HSA limits · proration · IRS Pub 969
How much can you put in your HSA this year?
If you did not have HDHP coverage for all twelve months, your HSA limit is prorated. Tell HSAProrate your coverage and eligible months and it gives you the exact figure — including the age-55 catch-up and the last-month rule, with a clear warning about the testing-period clawback.
- Prorated base limit$4,400
- Total you can contribute$4,400
Educational estimate, not tax advice. Limits are combined across you and your employer; verify the current figures with IRS Publication 969 / Form 8889 or a tax professional.
HSA & HDHP figures for 2026 and 2025
| Item | 2026 | 2025 |
|---|---|---|
| Contribution limit — self-only | $4,400 | $4,300 |
| Contribution limit — family | $8,750 | $8,550 |
| Age-55+ catch-up | $1,000 | $1,000 |
| HDHP min deductible — self / family | $1,700 / $3,400 | $1,650 / $3,300 |
| HDHP out-of-pocket max — self / family | $8,500 / $17,000 | $8,300 / $16,600 |
Figures from the IRS annual revenue procedures. The catch-up is fixed at $1,000 by statute (not inflation-indexed). Always confirm the current year against IRS Publication 969.
How the math works
- Eligibility is monthly: you count a month if you had HDHP coverage on its 1st day with no disqualifying coverage.
- Prorated limit = annual limit x eligible months / 12; the $1,000 catch-up (age 55+) prorates the same way.
- Last-month rule: eligible on December 1 lets you contribute the full annual limit — but starts a testing period (Dec 1 to Dec 31 of next year).
- Fail the testing period and the amount above your prorated limit becomes taxable income plus a 10% additional tax.
HSAProrate calculates one person at a time. For married couples with family coverage, the family limit is shared between spouses, but each age-55 catch-up must go into that spouse’s own HSA.
Questions
How is the HSA contribution limit prorated?
You are HSA-eligible for a month if you have qualifying HDHP coverage on the first day of that month and no disqualifying coverage. If you are not eligible all year, your base limit is the annual amount times the number of eligible months divided by 12. The age-55+ catch-up ($1,000) is prorated the same way, and HSAProrate does that math for both.

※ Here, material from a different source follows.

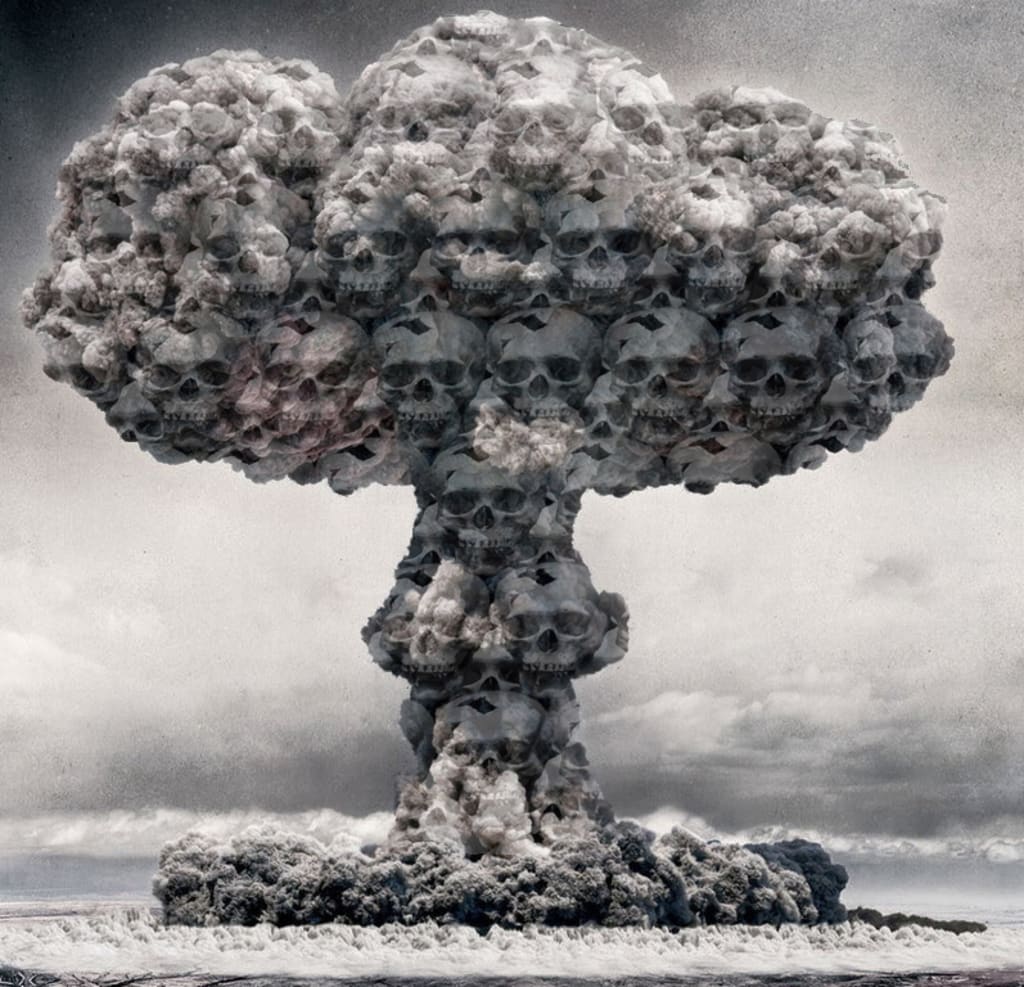 I turned to face the city to my south west and I see a mushroom cloud forming just like in those bad movies and internet videos. I look to the west, the south, the north, in every direction, more dull thuds, more mushroom clouds and less hope by the minute. Cell phones won't work there's no power, all you can hear are failing sirens, people screaming, metal being torn and sheared and the dull thud of the after blasts - even though it was a minute ago, now we've got plenty of gas seepages and lots of raw electricity in the mix. Hope died in my eyes in the shape of yet another explosion, my remaining time here destined to be shaped like a mushroom cloud. My skin is crawling like its alive, either a bad case of nerves or fallout, either way I'm proper fucked. I can now smell my own burning flesh mingled with the smoke from houses, buildings and other people on fire. There is a metallic tang on the back of my tongue and my throat as well. I think I just tasted those melted people I saw down the road a bit.

What is the last-month rule?
If you are HSA-eligible on December 1, the last-month rule lets you contribute the full annual limit for that December coverage type, even if you were not eligible earlier in the year. It is optional — you can also just contribute the prorated amount with no strings attached.
What is the testing period (the 13-month trap)?

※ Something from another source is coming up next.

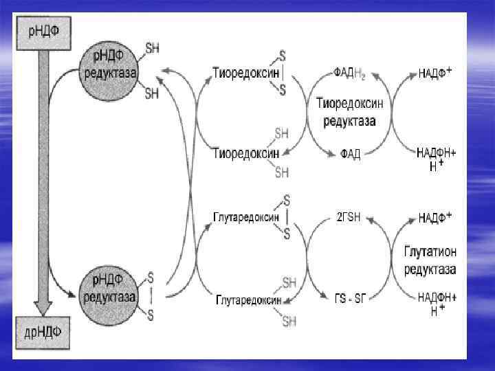 Биосинтез дезоксирибонуклеотидов § 2′- дезоксирибоза –структурный элемент ДНК, не синтезируется в виде свободного схара. , а образуется на стадии дифосфата при восстановлении рибонуклеозиддифосфатов. Это сложный процесс в котором участвует несколько белков. Восстановительные эквиваленты поставляет NADFH, они проходят через ряд О/В реакций. Основные ферменты на этом пути-рибонуклеотидредуктаза и тиреоредоксинредуктаза, восстанавливающие сульфгидрильные группы, а также тимидилатсинтетаза.
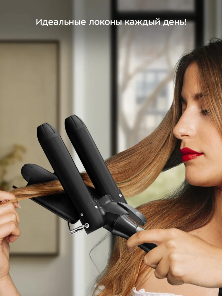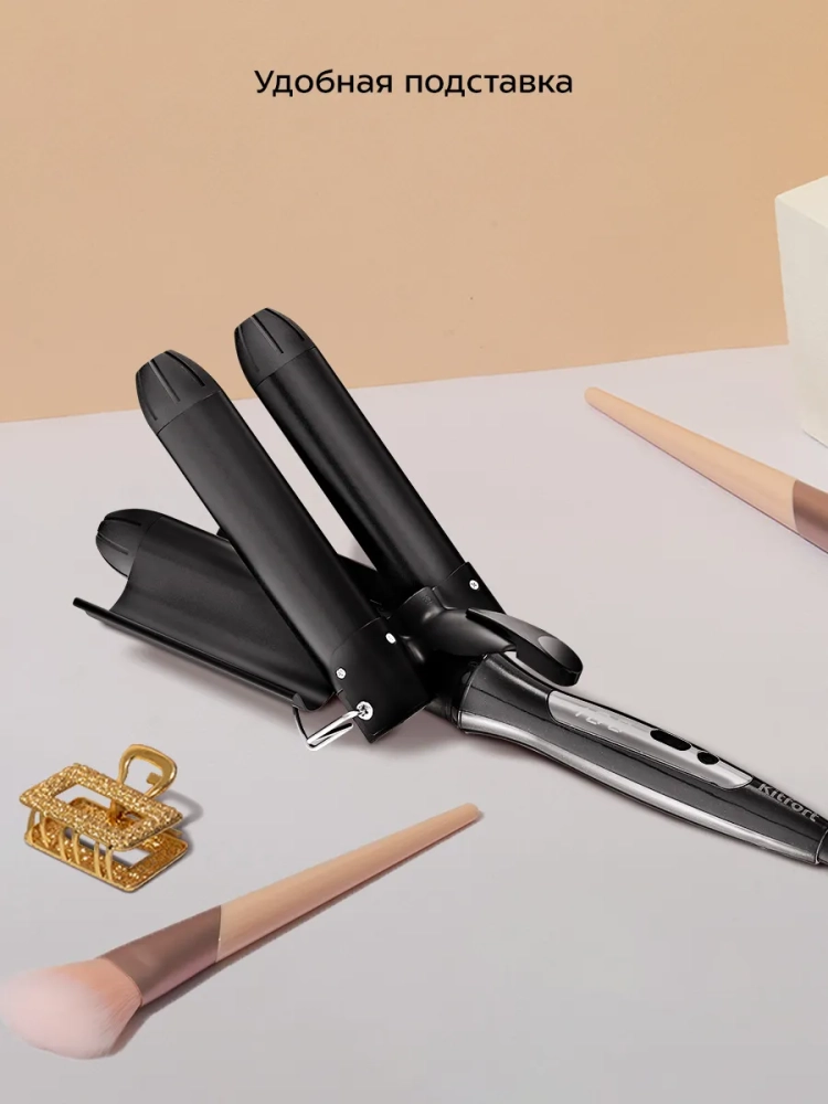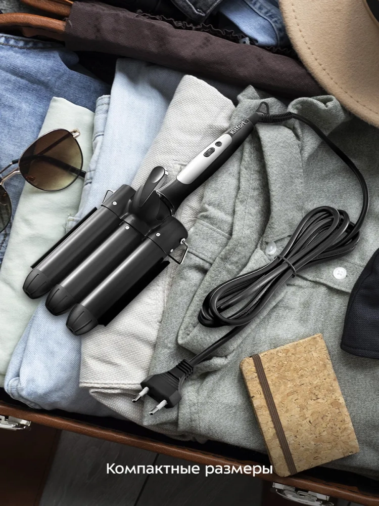 Стайлер для волос Kitfort KT-3282 позволит уложить волосы красивыми волнами. Укладка не займет много времени, так как рабочая поверхность стайлера имеет сразу три нагревательных элемента (цилиндра) диаметром 32 мм. Керамическое покрытие рабочей поверхности бережно выравнивает волосы, делая их гладкими и блестящими, а также снимает статическое электричество. Вы можете установить температуру нагрева от 80 до 210 °C с шагом 10 °C. Стайлер готов к работе через 1–5 минут в зависимости от выбранной температуры. Однократное нажатие на кнопку «Вкл/Выкл» переключает отображение температуры с градусов Цельсия на градусы Фаренгейта и обратно. Шнур оснащен защитой от перегиба, что увеличивает срок службы прибора. На защите от перегиба находится петля для подвесного хранения. Вращение шнура на 360° обеспечивает удобство в использовании — провод не сматывается и не путается при повороте устройства. Устройство имеет функцию автоотключения через час работы. Также у прибора есть специальная подставка, благодаря которой нагретая рабочая поверхность прибора не контактирует с поверхностью, на которую установлен стайлер. Однако будьте внимательны, сама подставка тоже нагревается. Напряжение: ~110–240 В, 50/60 Гц. Мощность: 120 Вт. Класс защиты от поражения электрическим током: II. Покрытие рабочей поверхности: керамика. Диаметр цилиндра: 32 мм. Температура нагрева: 80–210 °С с шагом 10 °С. Время нагрева: 1–5 мин. Длина шнура: 1,6 м. Размер устройства: 335 х 120 х 82 мм.

If you use the last-month rule, you must stay HSA-eligible for the entire following calendar year — the testing period runs from December 1 of the contribution year through December 31 of the next year. If you lose eligibility during it (other than death or disability), the extra amount you contributed above the prorated limit is added back to your taxable income and hit with an additional 10% tax. HSAProrate shows exactly how much is at risk.

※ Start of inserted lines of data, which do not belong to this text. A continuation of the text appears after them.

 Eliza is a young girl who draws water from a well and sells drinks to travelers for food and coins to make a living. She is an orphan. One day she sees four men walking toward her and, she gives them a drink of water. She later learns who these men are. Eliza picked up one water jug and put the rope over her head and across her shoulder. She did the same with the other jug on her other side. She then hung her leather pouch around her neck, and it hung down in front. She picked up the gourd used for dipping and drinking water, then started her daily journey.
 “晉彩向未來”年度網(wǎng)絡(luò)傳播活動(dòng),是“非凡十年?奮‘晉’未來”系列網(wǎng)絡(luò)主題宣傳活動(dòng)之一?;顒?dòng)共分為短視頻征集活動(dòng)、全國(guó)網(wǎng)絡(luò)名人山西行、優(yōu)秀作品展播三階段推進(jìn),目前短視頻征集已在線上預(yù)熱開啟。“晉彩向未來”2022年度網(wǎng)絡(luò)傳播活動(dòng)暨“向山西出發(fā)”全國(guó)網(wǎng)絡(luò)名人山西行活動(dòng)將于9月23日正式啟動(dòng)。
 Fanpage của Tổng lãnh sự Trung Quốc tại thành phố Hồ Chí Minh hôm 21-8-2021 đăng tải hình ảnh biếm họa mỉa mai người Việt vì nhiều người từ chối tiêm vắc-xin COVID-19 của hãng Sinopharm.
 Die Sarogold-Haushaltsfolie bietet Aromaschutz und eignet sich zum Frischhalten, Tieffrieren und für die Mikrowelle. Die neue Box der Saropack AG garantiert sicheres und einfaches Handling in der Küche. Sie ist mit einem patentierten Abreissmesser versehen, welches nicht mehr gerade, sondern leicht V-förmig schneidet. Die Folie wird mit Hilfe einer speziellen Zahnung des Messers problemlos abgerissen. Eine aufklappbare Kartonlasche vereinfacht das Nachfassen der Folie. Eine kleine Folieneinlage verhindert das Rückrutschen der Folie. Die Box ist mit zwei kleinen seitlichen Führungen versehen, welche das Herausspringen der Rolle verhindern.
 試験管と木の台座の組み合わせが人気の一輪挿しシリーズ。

Do employer contributions count against my limit?
Yes. The IRS limit is the combined total of what you, your employer, and anyone else put into your HSA for the year. Enter what has already gone in (including employer and payroll contributions) to see how much room you have left.
I have family coverage and so does my spouse — who gets the catch-up?
The family contribution limit is shared and can be split between spouses in any way you agree. But each $1,000 age-55+ catch-up must go into that spouse's own HSA — you cannot combine both catch-ups in one account. This tool calculates one person's figures at a time.
When is the deadline to contribute?
You can make HSA contributions for a tax year up to the federal tax-filing deadline of the following April (without extensions) — for 2026 that is April 15, 2027. Just tell your HSA custodian which tax year the contribution is for.